Odd behavior of using += with numpy.array and numpy.ma.array

Question

Can anyone explain the following result to me? I know it is not as one would usually do this operation, but I found this result odd.

import numpy as np

a = np.ma.masked_where(np.arange(20)>10,np.arange(20))
b = np.ma.masked_where(np.arange(20)>-1,np.arange(20))
c = np.zeros(a.shape)
d = np.zeros(a.shape)

c[~a.mask] += b[~a.mask]

print(b[~a.mask])
#masked_array(data=[--, --, --, --, --, --, --, --,--, --, --],
#             mask=[ True,  True,  True,  True,  True,  True,  True,  True, True,  True,  True],
#       fill_value=999999,
#            dtype=int64)

print(c)
#[ 0.  1.  2.  3.  4.  5.  6.  7.  8.  9. 10.  0.  0.  0.  0. 0.  0.  0.  0.  0.]

d[~a.mask] = d[~a.mask] + b[~a.mask]

print(d)
#[0. 0. 0. 0. 0. 0. 0. 0. 0. 0. 0. 0. 0. 0. 0. 0. 0. 0. 0. 0.]

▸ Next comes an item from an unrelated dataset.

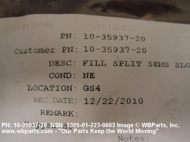 Part Alternates: 10-35937-20, 5305-01-223-9663, 01-223-9663, 5305012239663, 103593720, 012239663

I expected c to not change, but I guess there is something related to objects in memory going on here. Also, += keeps the original object, while = and + creates a new d .

I just don't really understand where the data comes from that's added to c .

Answer 1

I will start with a simpler example for better understanding:

b = np.ma.masked_where(np.arange(20)>-1,np.arange(20))
#b: [-- -- -- -- -- -- -- -- -- -- -- -- -- -- -- -- -- -- -- --]
#b.data: [ 0  1  2  3  4  5  6  7  8  9 10 11 12 13 14 15 16 17 18 19]
c = np.zeros(b.shape)
#c: [0. 0. 0. 0. 0. 0. 0. 0. 0. 0. 0. 0. 0. 0. 0. 0. 0. 0. 0. 0.]
d = np.zeros(b.shape)
#d: [0. 0. 0. 0. 0. 0. 0. 0. 0. 0. 0. 0. 0. 0. 0. 0. 0. 0. 0. 0.]

c += b
#c: [ 0.  1.  2.  3.  4.  5.  6.  7.  8.  9. 10. 11. 12. 13. 14. 15. 16. 17. 18. 19.]

d = d + b
#d: [-- -- -- -- -- -- -- -- -- -- -- -- -- -- -- -- -- -- -- --]
#d.data: [0. 0. 0. 0. 0. 0. 0. 0. 0. 0. 0. 0. 0. 0. 0. 0. 0. 0. 0. 0.]

The first operation c += b is an in-place operation. In other words, it is equivalent to c = type(c).__iadd__(c, b) which does the addition according to type of c , which is not a masked array, hence the data of b used as unmasked.

On the other hand, d = d + b is equivalent to d = np.MaskedArray.__add__(d, b) (to be more particular, since masked arrays are a subclass of ndarrays, it uses __radd__ ) and is NOT an in-place assignment. This means it creates a new object and uses the wider type on the right hand side of the equation when adding and hence converts d (which is an unmasked array) to a masked array (because b is a masked array), therefore the addition uses valid values only (which in this case there is none since ALL elements of b are masked and invalid). This results in a masked array d with same mask as b while the data of d remains unchanged.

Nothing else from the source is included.